WHAT TO DO
Give back exactly the lines from the start of the entries below to the line holding "KOS System 4", that line included, and leave every picture out.

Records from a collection
=====

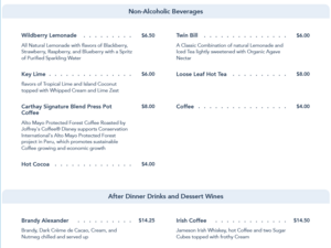 The design and décor reflects the romance and glamour of that bygone era with rare artifacts and references to the early Disney era. Peruse Snow White and the Seven Dwarfs Courvoisier cels—the only animated art ever to hang in Walt Disney’s home—and the charming pastoral scene from the movie painted on the ceiling of the main dining room.
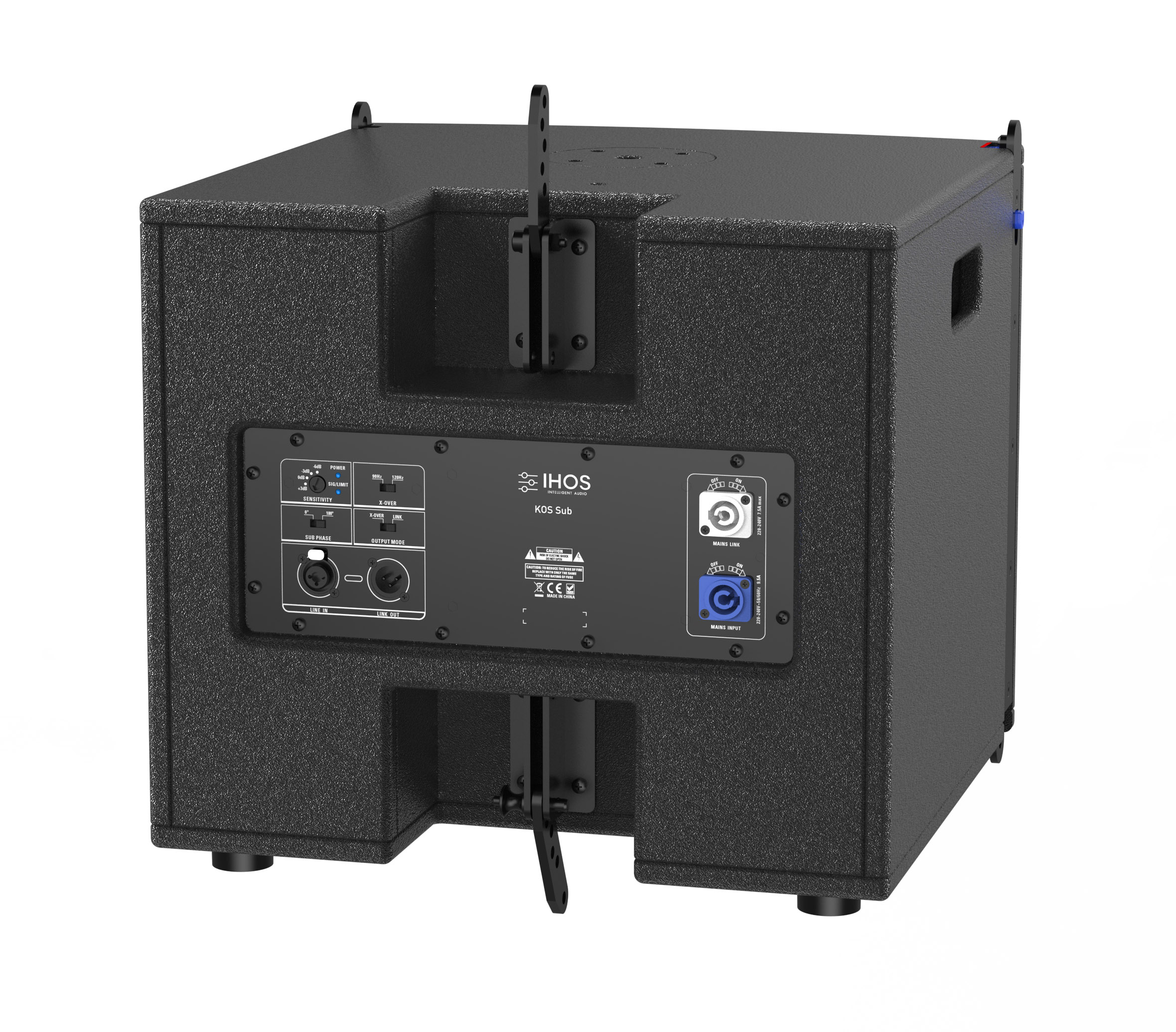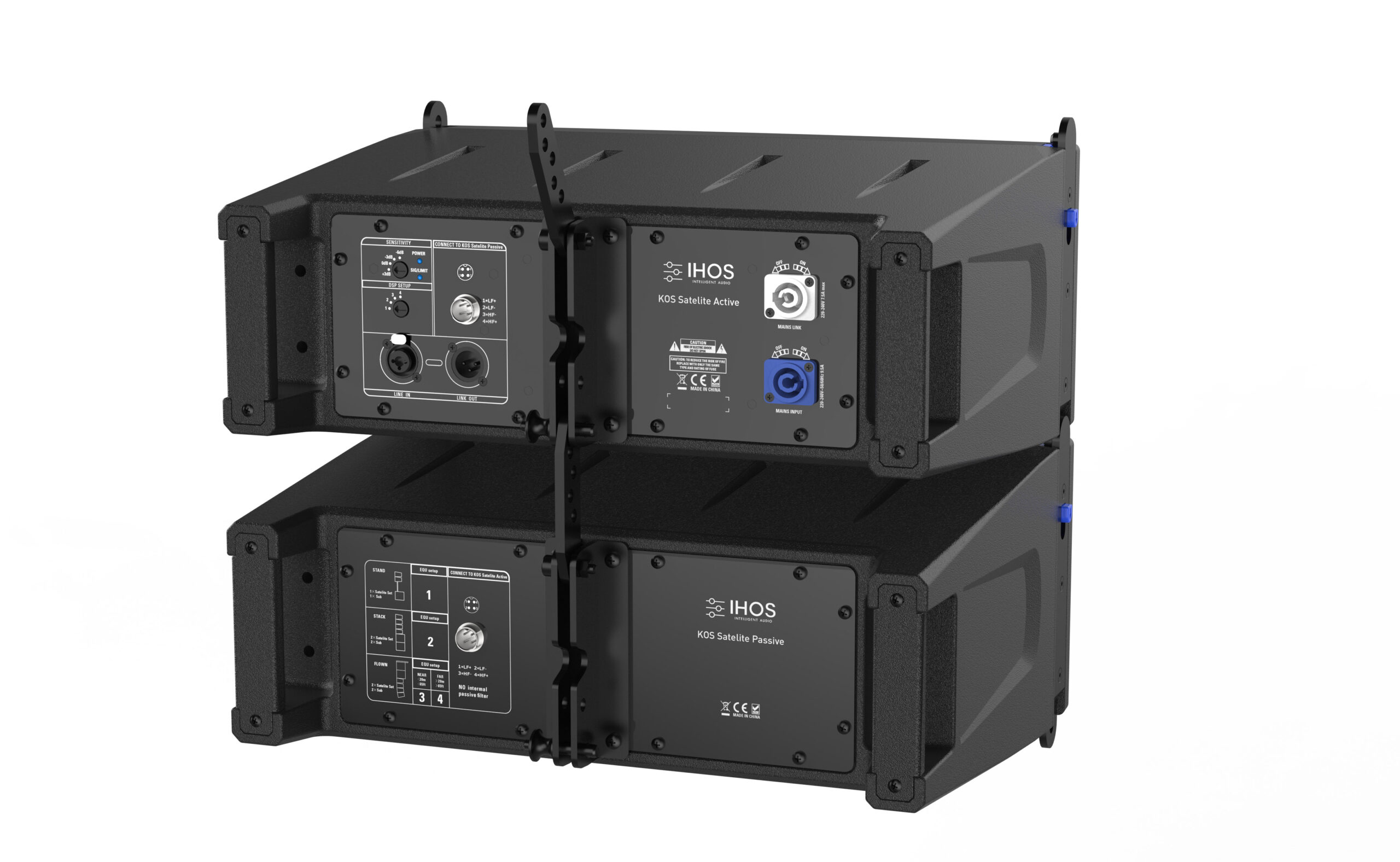 KOS System 4 Line Array system that includes 8 pcs KOS ABS Active Line Array speakers, 4 pcs KOS Sub Plywood professional active bandpass subwoofer 12 inches, 1 pc KOS Flybar, 1pc extension hanger. Hanging mode suitable for 400-450 audience people.
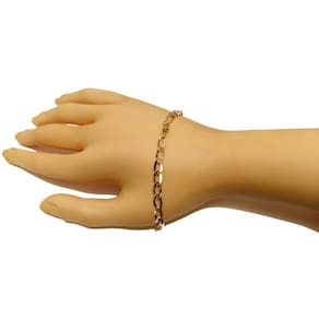 Pulseira Em Ouro Elos Laminados Grandes 16 cm Unissex é todo feito com Ouro 10k 416Elos em Ouro amarelo 5,0 mm x 9,0 mm1 peçaPeso de 2,2 gramasAcabamento PolidoPeça em ouro maciçoItens InclusosPulseira Em Ouro Elos Laminados Grandes 16 cmSaquinho AveludadoNota Fiscal integral no nome do compradorProduto com garantia eterna do ouro 10k
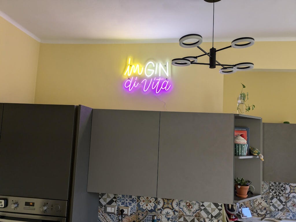 Scrittina led "IN GIN DI VITA", composta al 40% di imprecazioni e al 60% di luminosità.
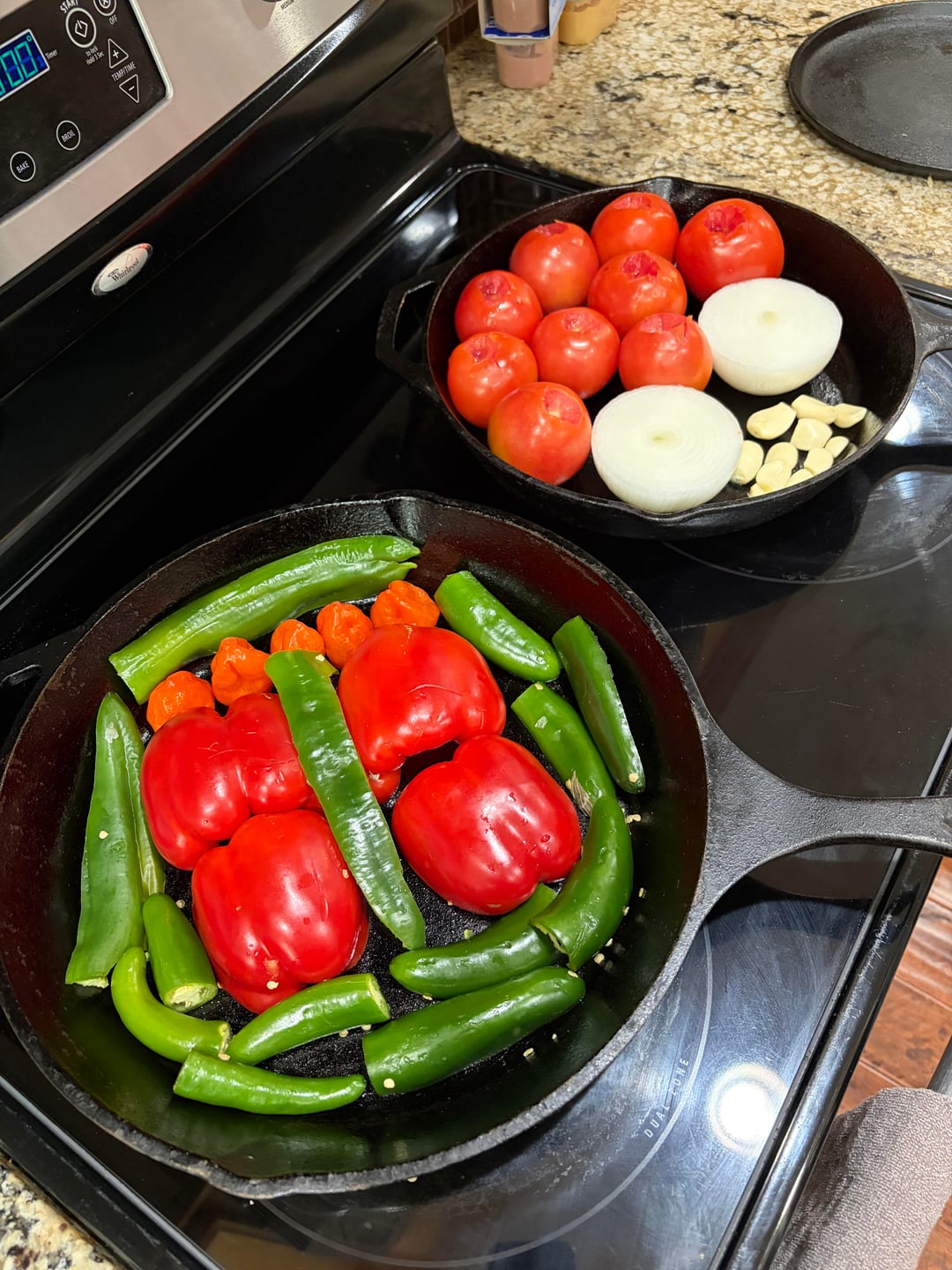 Vapesuvius 2 hours ago #FIRE-ROASTED SALSA ROJA##INGREDIENTS * 9 vine-ripened tomatoes * 1 large white onion 5 habanero peppers * 4 serrano peppers 3 jalapeños * 2 red bell peppers * 1 Anaheim pepper * 60 ml lime juice * 1 tablespoon kosher salt * Cilantro to taste * Garlic to taste#METHOD1. Preheat broilerTurn broiler on to preheat2. Prepare vegetablesWash all vegetablesRemove tomato stem endsFor all peppers except serranos, remove tops, halve, and remove seeds and membranes3. Arrange for roastingPlace tomatoes, onion, and garlic in a 12-inch cast iron skillet with tomatoes stem side upPlace all peppers in a 15-inch cast iron skillet with peppers skin side up4. BroilBroil peppers for 15 minutesBroil tomatoes and onion for 30 minutes or until blackened on top5. First blendAdd lime juice, salt, cilantro, and peppers to food processorBlend until fully liquefied and emulsifiedPour into a large metal bowl6. Second blendAdd 2 largest tomatoes, half the onion, and garlic to food processorBlend until fully liquefied and emulsifiedPour into the same metal bowl7. Third blendAdd remaining half onion to food processorPulse until dicedAdd to the metal bowl8. Texture blendAdd remaining 7 tomatoes to food processorPulse until slightly chunkyAdd to the metal bowl9. FinishLightly whisk everything together
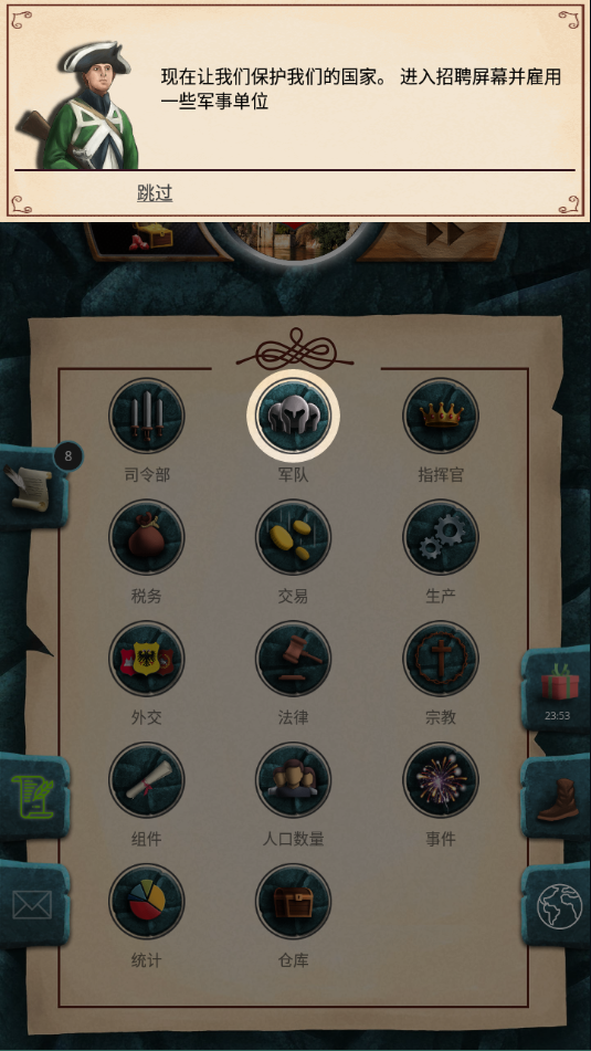 在这里陆军中主要分为指挥人员和军队大楼两大功能:其中指挥人员中可进行攻击国家,间谍布控,破坏和授予独立等要素,且还能进行军事演习,增强国土和士兵强度。
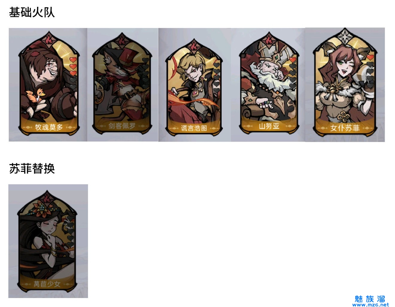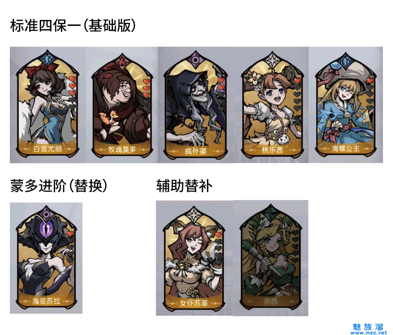 苏拉:本身坦度就很高。低星也可以当一个加攻buff挂件,后期替换摩多,其他两个英雄是替补,在你没抽到或拿到辅助英雄时临时使用
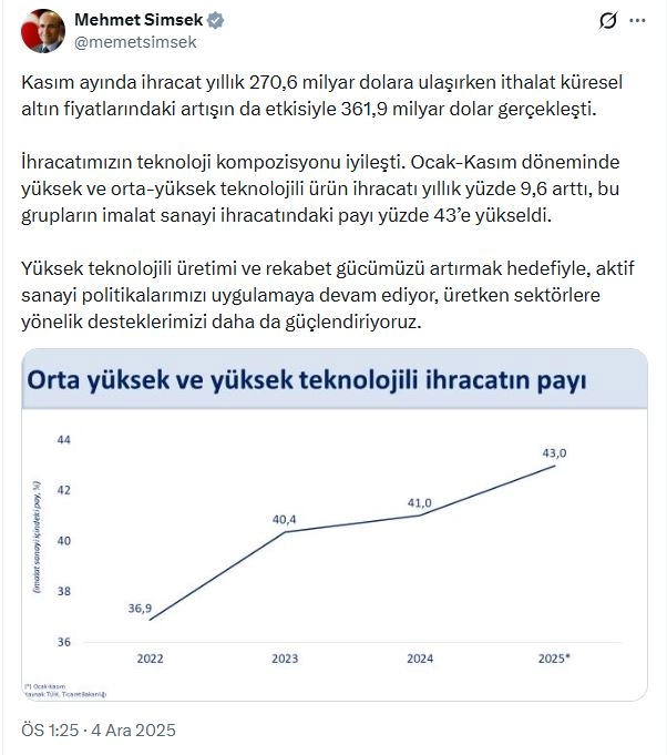 Hazine ve Maliye Bakanı Mehmet Şimşek, kasım ayı dış ticaret verilerine ilişkin sosyal medya hesabından açıklama yaptı. Bakan Şimşek, "Kasım ayında ihracat yıllık 270,6 milyar dolara ulaşırken ithalat küresel altın fiyatlarındaki artışın da etkisiyle 361,9 milyar dolar gerçekleşti. İhracatımızın teknoloji kompozisyonu iyileşti. Ocak-kasım döneminde yüksek ve orta-yüksek teknolojili ürün ihracatı yıllık yüzde 9,6 arttı, bu grupların imalat sanayi ihracatındaki payı yüzde 43'e yükseldi. Yüksek teknolojili üretimi ve rekabet gücümüzü artırmak hedefiyle, aktif sanayi politikalarımızı uygulamaya devam ediyor, üretken sektörlere yönelik desteklerimizi daha da güçlendiriyoruz" ifadelerini kullandı. (DHA)

=====

SOLUTION TO THE PROBLEM
 The design and décor reflects the romance and glamour of that bygone era with rare artifacts and references to the early Disney era. Peruse Snow White and the Seven Dwarfs Courvoisier cels—the only animated art ever to hang in Walt Disney’s home—and the charming pastoral scene from the movie painted on the ceiling of the main dining room.
 KOS System 4 Line Array system that includes 8 pcs KOS ABS Active Line Array speakers, 4 pcs KOS Sub Plywood professional active bandpass subwoofer 12 inches, 1 pc KOS Flybar, 1pc extension hanger. Hanging mode suitable for 400-450 audience people.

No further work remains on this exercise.